- _REQUIRED WORK_:
Below are the records; extract from them the line containing "Для непосредственного управления" to the line containing "Fall in love", both lines included, exactly and with no pictures.

- _Stored dataset items_:
◇ ◇ ◇ ◇

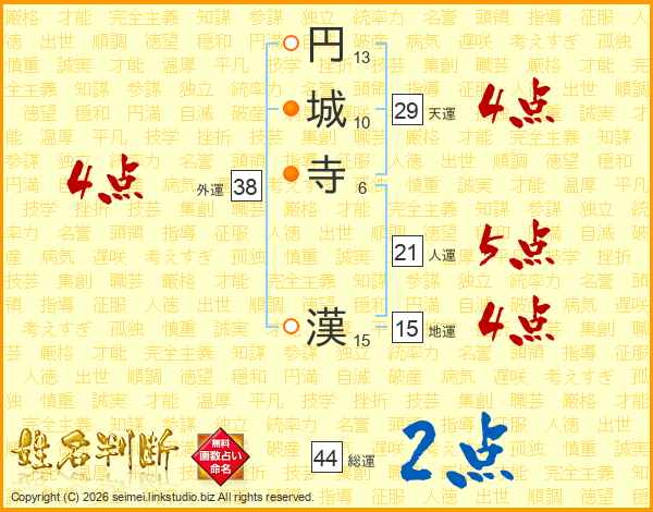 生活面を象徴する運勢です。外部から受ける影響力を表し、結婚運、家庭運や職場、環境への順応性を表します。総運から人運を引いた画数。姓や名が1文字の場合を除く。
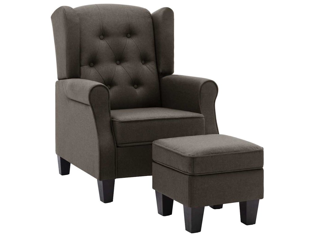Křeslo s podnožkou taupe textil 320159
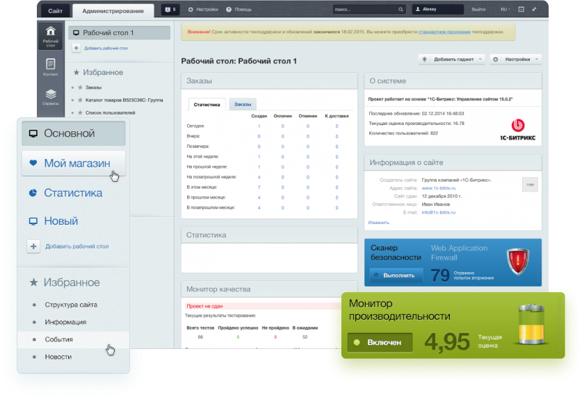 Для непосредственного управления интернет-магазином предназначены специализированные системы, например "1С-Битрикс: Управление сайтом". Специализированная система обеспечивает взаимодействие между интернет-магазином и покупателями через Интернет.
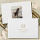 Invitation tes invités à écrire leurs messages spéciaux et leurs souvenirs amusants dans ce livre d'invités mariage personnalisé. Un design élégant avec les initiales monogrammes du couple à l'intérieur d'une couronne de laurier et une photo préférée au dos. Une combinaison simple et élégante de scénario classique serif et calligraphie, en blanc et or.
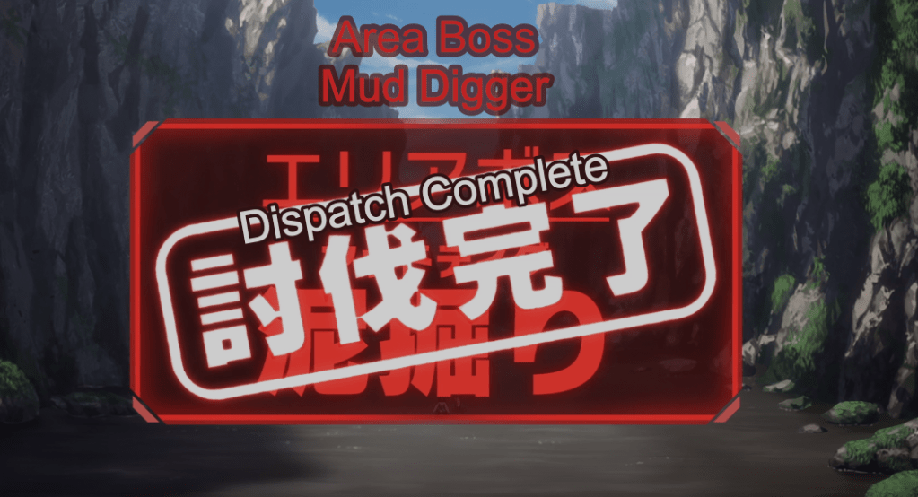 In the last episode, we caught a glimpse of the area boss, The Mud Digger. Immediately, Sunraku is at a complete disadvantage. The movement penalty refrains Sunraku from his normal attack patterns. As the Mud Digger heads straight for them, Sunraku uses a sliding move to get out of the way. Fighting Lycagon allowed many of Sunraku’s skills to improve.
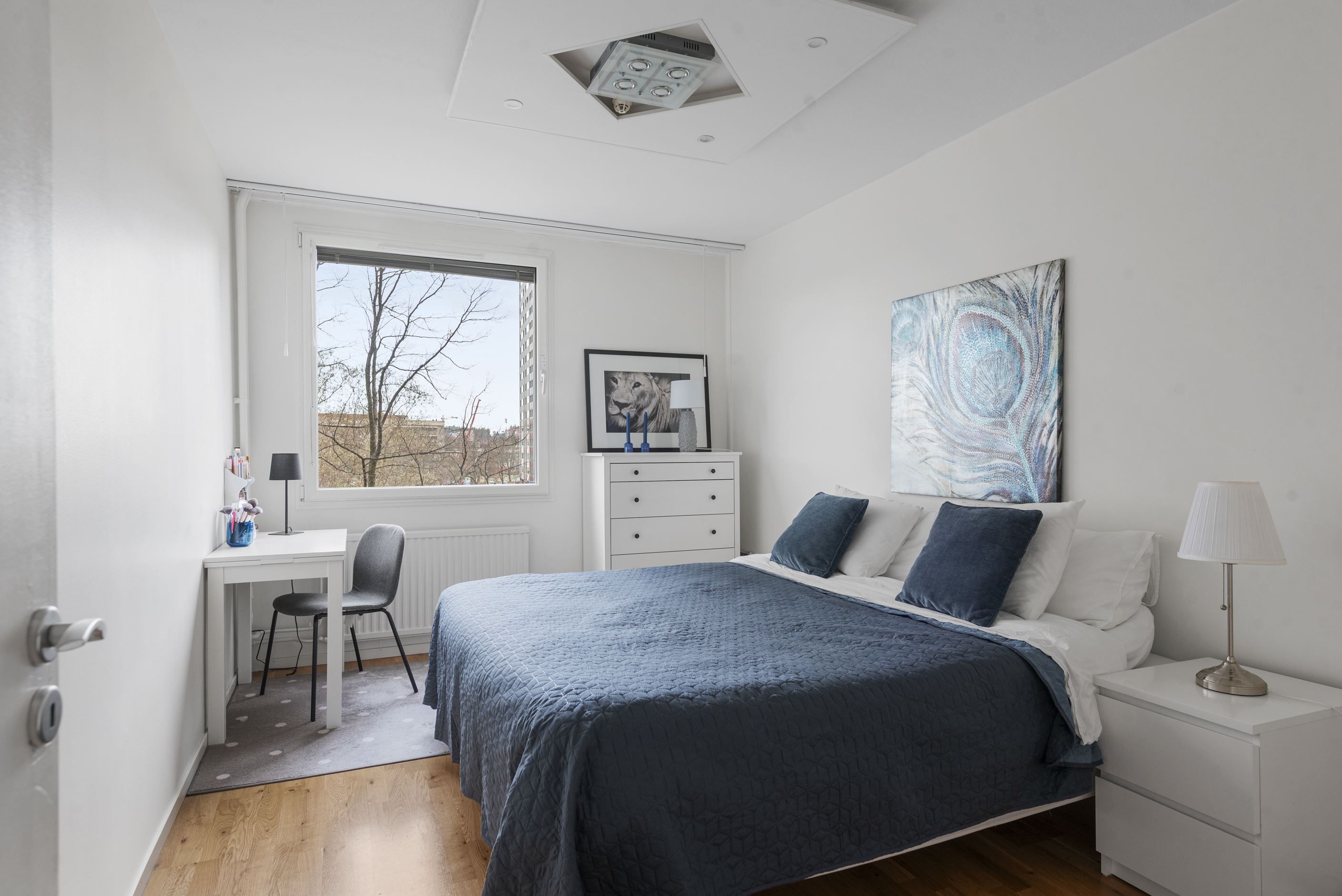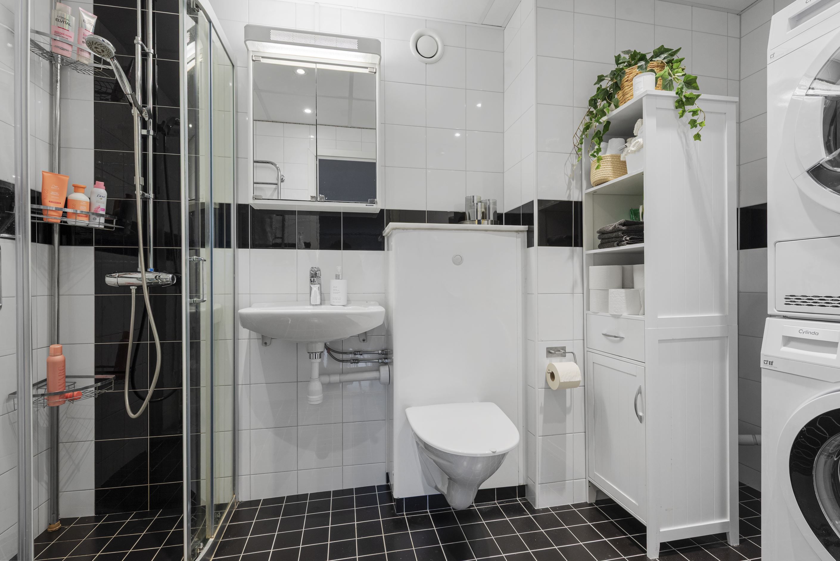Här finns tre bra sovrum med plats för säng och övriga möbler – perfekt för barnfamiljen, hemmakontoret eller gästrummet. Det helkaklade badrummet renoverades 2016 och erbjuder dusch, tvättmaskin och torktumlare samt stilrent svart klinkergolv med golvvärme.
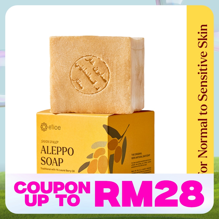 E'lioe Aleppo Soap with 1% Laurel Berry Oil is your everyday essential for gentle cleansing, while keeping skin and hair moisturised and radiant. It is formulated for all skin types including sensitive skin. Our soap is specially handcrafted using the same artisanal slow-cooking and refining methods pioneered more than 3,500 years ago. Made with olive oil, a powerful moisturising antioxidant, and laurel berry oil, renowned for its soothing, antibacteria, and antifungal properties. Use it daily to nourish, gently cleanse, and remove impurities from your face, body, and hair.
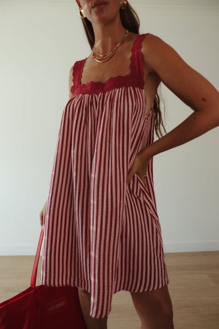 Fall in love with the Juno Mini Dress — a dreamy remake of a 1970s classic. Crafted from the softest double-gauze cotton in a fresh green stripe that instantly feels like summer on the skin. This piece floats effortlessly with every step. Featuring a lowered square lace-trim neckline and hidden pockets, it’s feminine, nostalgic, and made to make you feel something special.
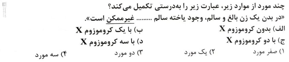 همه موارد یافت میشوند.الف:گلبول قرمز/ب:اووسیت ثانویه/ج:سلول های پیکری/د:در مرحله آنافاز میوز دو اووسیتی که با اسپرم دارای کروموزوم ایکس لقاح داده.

◇ ◇ ◇ ◇

- _YOUR RESPONSE_:
 Для непосредственного управления интернет-магазином предназначены специализированные системы, например "1С-Битрикс: Управление сайтом". Специализированная система обеспечивает взаимодействие между интернет-магазином и покупателями через Интернет.
 Invitation tes invités à écrire leurs messages spéciaux et leurs souvenirs amusants dans ce livre d'invités mariage personnalisé. Un design élégant avec les initiales monogrammes du couple à l'intérieur d'une couronne de laurier et une photo préférée au dos. Une combinaison simple et élégante de scénario classique serif et calligraphie, en blanc et or.
 In the last episode, we caught a glimpse of the area boss, The Mud Digger. Immediately, Sunraku is at a complete disadvantage. The movement penalty refrains Sunraku from his normal attack patterns. As the Mud Digger heads straight for them, Sunraku uses a sliding move to get out of the way. Fighting Lycagon allowed many of Sunraku’s skills to improve.
Här finns tre bra sovrum med plats för säng och övriga möbler – perfekt för barnfamiljen, hemmakontoret eller gästrummet. Det helkaklade badrummet renoverades 2016 och erbjuder dusch, tvättmaskin och torktumlare samt stilrent svart klinkergolv med golvvärme.
 E'lioe Aleppo Soap with 1% Laurel Berry Oil is your everyday essential for gentle cleansing, while keeping skin and hair moisturised and radiant. It is formulated for all skin types including sensitive skin. Our soap is specially handcrafted using the same artisanal slow-cooking and refining methods pioneered more than 3,500 years ago. Made with olive oil, a powerful moisturising antioxidant, and laurel berry oil, renowned for its soothing, antibacteria, and antifungal properties. Use it daily to nourish, gently cleanse, and remove impurities from your face, body, and hair.
 Fall in love with the Juno Mini Dress — a dreamy remake of a 1970s classic. Crafted from the softest double-gauze cotton in a fresh green stripe that instantly feels like summer on the skin. This piece floats effortlessly with every step. Featuring a lowered square lace-trim neckline and hidden pockets, it’s feminine, nostalgic, and made to make you feel something special.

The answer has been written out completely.